Pot-roasted breast of partridge with truffle sauce and celeriac
For the truffled Madeira sauce
— 55g salted butter — 50g shallots, chopped — 50g mushrooms, sliced — 400ml Malmsey Madeira — 3 white peppercorns — ½ bay leaf — 1 thyme sprig — 500ml good-quality veal
jus (available to buy online) — 20g fresh black truffle,
finely chopped — 50ml ruby port
For the celeriac
— 1 celeriac, about 500g,
scrubbed — 200g goat’s butter
For the partridge
— 200g salted butter — 4 oven-ready partridges
(gutted and tied)
For the vegetables
— 150g kale leaves — 25ml vegetable oil — 8g (about 1 tbsp) pine nuts — 200g salsify, peeled and
cut into 9cm batons — 50g goat’s butter
To serve (optional)
— 8 Chantenay carrots, peeled and cooked in a butter and water emulsion for 8 minutes — 1 golden and 1 purple beetroot, peeled, baked in foil with salted butter and thyme, then cut into eighths To start the Madeira sauce, heat a medium saucepan over a medium heat. Add 30g of the butter, then the shallots and mushrooms. Sweat until the mushrooms have released their liquid and the shallots are softened and starting to lightly colour, about five minutes. Add 350ml of the Madeira, along with the peppercorns, bay leaf and thyme, and bring to the boil. Reduce by half over a medium-low heat, about 10 minutes.
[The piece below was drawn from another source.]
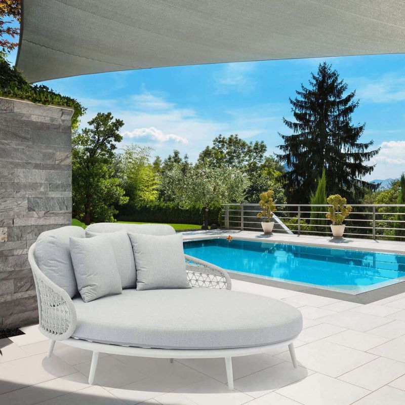 WAVEL - divano da giardino circolare in alluminio con cuscini

Stir in the veal jus and simmer for 40 minutes, or until the sauce coats the back of a spoon (when you run a finger along the back of the sauced spoon, exposing the metal, the sauce should not re-cover the trail). Check and adjust the seasoning to taste. Pass through a finemesh sieve and keep warm until ready to use.
Now cook the celeriac. This large orb will need a good 30 minutes to cook to the texture and taste we want. Place the celeriac in a heavy-based saucepan over a medium heat and add the goat’s butter. Heat until the butter is foaming, then cover with a tight-fitting lid and reduce the heat. Turn occasionally to ensure even colouring. Test for doneness with a knife, as you would potatoes. Set aside.
Preheat the oven to 220C/ gas mark 7.
Next, continue the truffled sauce. Over a medium-low heat, sweat the truffle in the remaining 25g butter for four minutes. Add the port and the remaining 50ml of Madeira. Slowly reduce by half, about 10 minutes.
Combine the truffle sauce with 120ml of the warm Madeira sauce you made earlier (the remaining Madeira sauce will keep in the refrigerator for five days in a sealed container), and bring to the boil. Reduce the heat and simmer very gently for 20 minutes, skimming occasionally. Season to taste, then remove from the heat.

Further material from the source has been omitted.